> Records for the task
╭──

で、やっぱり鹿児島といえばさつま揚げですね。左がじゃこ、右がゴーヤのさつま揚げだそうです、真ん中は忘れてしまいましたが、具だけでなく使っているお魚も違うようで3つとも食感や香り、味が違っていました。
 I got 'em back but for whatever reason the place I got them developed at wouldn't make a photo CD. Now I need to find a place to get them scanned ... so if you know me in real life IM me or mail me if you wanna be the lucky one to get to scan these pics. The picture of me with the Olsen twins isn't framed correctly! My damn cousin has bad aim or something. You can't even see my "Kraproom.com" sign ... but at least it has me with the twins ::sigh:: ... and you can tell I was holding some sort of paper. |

╰──
╭──

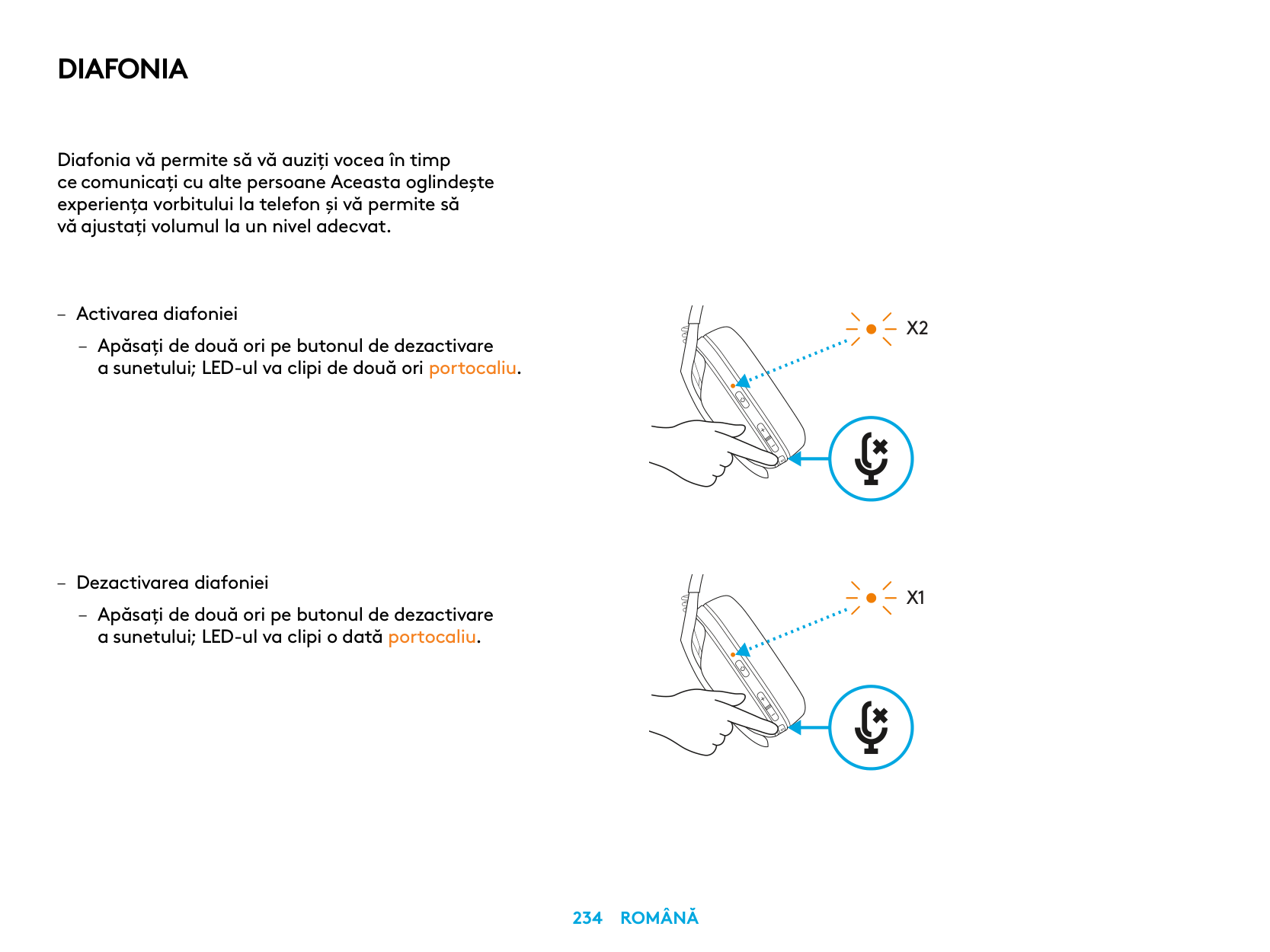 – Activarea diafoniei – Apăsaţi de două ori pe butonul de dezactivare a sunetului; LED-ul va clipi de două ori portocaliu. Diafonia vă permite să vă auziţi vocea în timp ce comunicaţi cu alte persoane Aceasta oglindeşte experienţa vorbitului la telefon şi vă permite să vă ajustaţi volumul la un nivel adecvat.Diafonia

╰──

> What is required
Starting with the line with "で、やっぱり鹿児島といえばさ" above and going on through the line with "I got 'em back", transcribe every line exactly, both ends included, and add nothing.

> Completed exercise
で、やっぱり鹿児島といえばさつま揚げですね。左がじゃこ、右がゴーヤのさつま揚げだそうです、真ん中は忘れてしまいましたが、具だけでなく使っているお魚も違うようで3つとも食感や香り、味が違っていました。
 I got 'em back but for whatever reason the place I got them developed at wouldn't make a photo CD. Now I need to find a place to get them scanned ... so if you know me in real life IM me or mail me if you wanna be the lucky one to get to scan these pics. The picture of me with the Olsen twins isn't framed correctly! My damn cousin has bad aim or something. You can't even see my "Kraproom.com" sign ... but at least it has me with the twins ::sigh:: ... and you can tell I was holding some sort of paper. |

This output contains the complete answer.